The vegas airport is loud like a video arcade, but, of course, the games are for adults only. were the gamblers just passing through? Were they anxious to get started or wanted just one last chance before leaving? What makes people want to feed coins into a machine? I mean, I play arcade games sometimes and they eat my quarters. I think maybe it’s like trying to save the princess, but no particular skill is involved, so it’s relaxing and exciting at the same time. but what would I know?
there’s two different competing groups of men who take off their clothes. One is the chippendales. I think the attraction and fantasy of the Chippendales (this is gleamed by looking at the poster in the airport) must be that there could be men in leather pants and bowties who aren’t gay.
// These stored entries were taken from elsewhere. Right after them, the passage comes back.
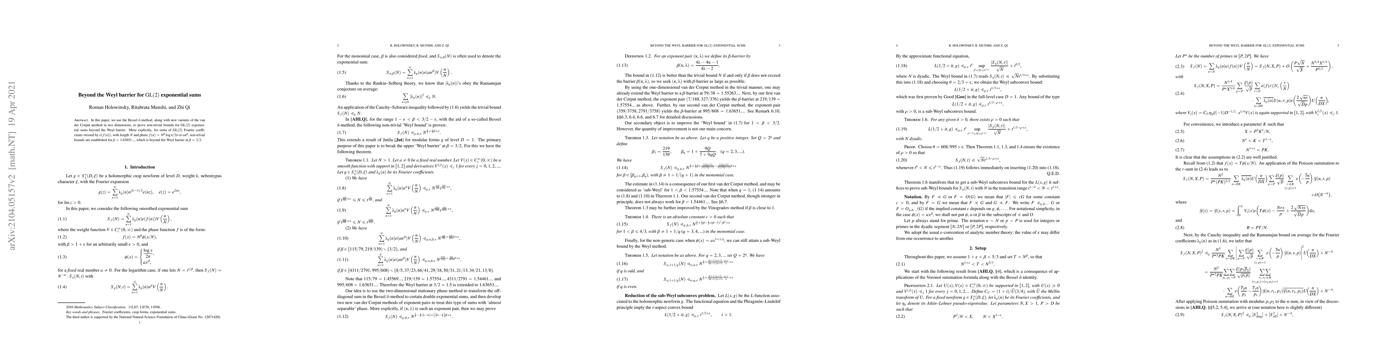 Researchers prove non-trivial bounds for GL(2) exponential sums beyond the Weyl barrier for certain phase functions, extending the limit of possible values to eta < 1.63651...
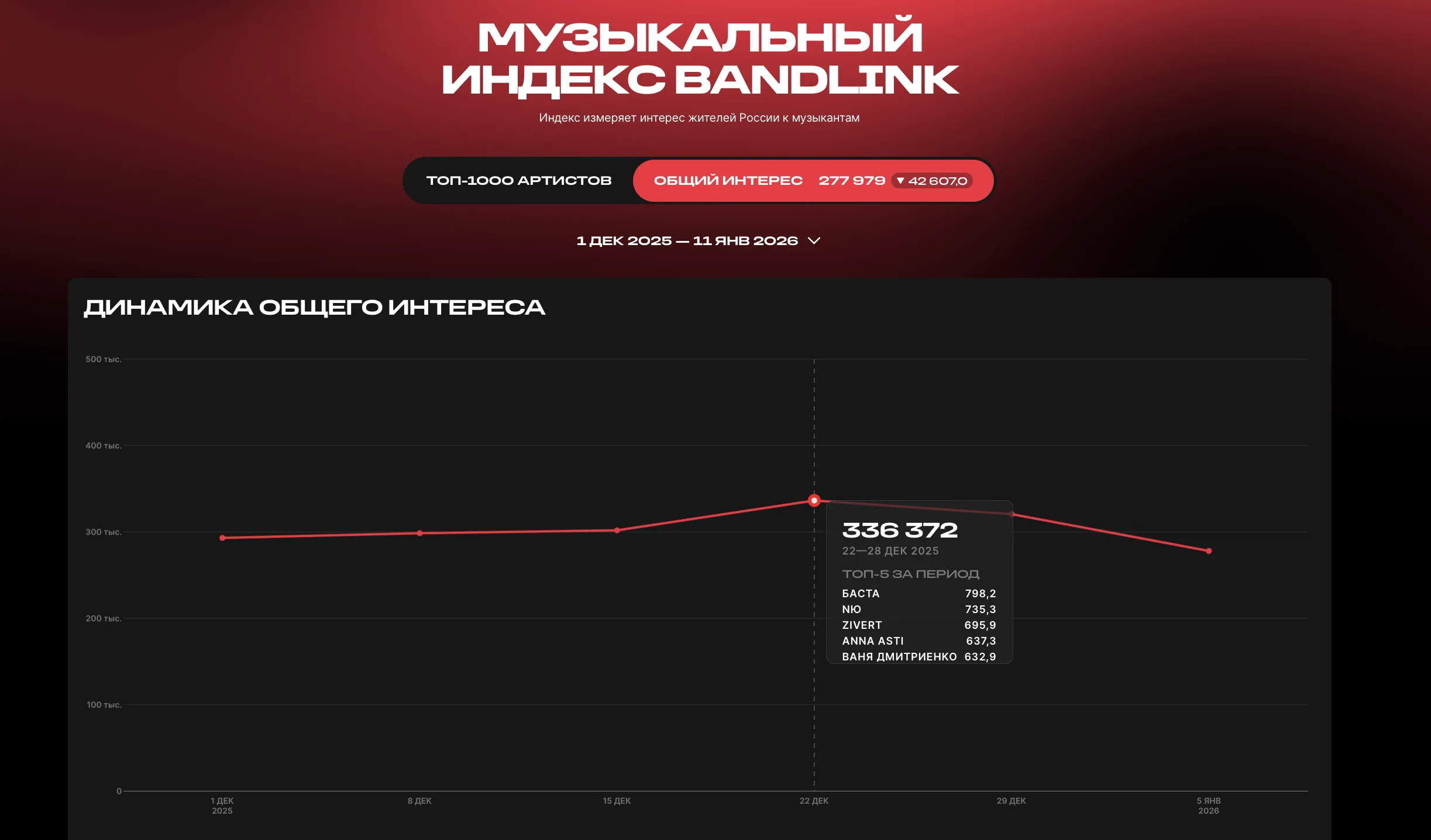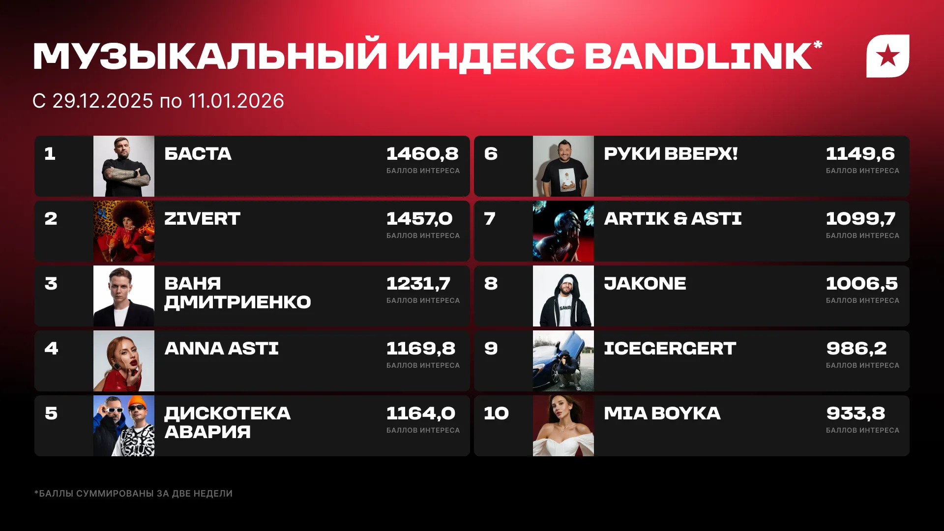 «Музыкальный индекс BandLink» показал, что в минувшие новогодние каникулы россияне чаще всего интересовались Бастой, Zivert, Ваней Дмитриенко, ANNA ASTI, группами «Дискотека Авария» и «Руки Вверх!», ARTIK & ASTI, JAKONE, ICEGERGERT и MIA BOYKA.
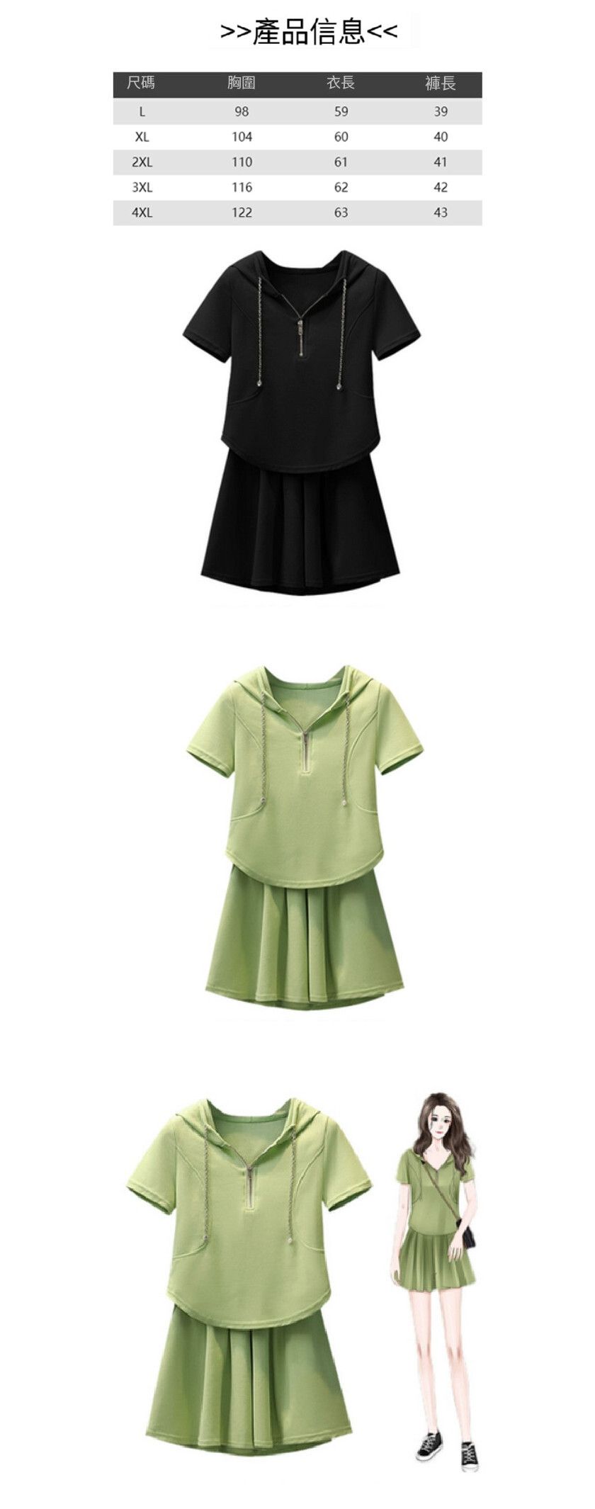 連帽上衣+短褲套裝【黑色】【L-2XL碼】(下單後請聯絡客服確認發貨尺碼)

Straight women hold out hope for men who care about their appearance, like musicals, wear leather pants and are stright. good luck. there’s also an austrailian groupd. they all have long hair like Fabio. Is Fabio straight? With his name and appearance, he should be in a pulp novel dating a guy named Rod.
By the time I got to Oakland, I was convinced that I had taken the wrong flight to the wrong airport. None of it looked familiar. Where was I? but the Christi lead me gently home. And I slept all day yesterday, except for waking up at 9:00 PM to see a movie with Jenya called Chaos. It’s French. It may be a comedy. All ends well. there were some problematic aspects to it. Clearly, French culture is having some problems dealing with immigrants. But it’s not a bad movie. The Sf international film festival apparently likes it. I went back to sleep after seeing it.
and now, my gosh the house is messy. There’s boxes full of drums and a beat up sousaphone and luggage all over the place. the end.

Don’t leave a message

BTW, can’t get messages on cell phone. Email access is very spotty. You can call, but don’t leave a message. Or if you do, don’t expect an answer right away. Thank you and goodnight. I love jetlag! *snore*
The best return flight is the shortest and also the cheapest but leaves at 6:00 AM. bleah. I think I’d collapse.
Some of you will come see me in Connecticut, right? You know, until I get all my new, cool east coast friends. just kidding.

Far Away

You all would come visit me in Connecticut, right?
I got invited to see a new Robert Ashley Opera in New York. Holy Cow! This is amazing for two reasons: 1. I love his operas & 2. New Operas get staged out here??!!
It’s 2.5 hours to New York from here, so it should all work out unless the rental car company gets upset, or I am unable to book a return flight or find a hotel or something.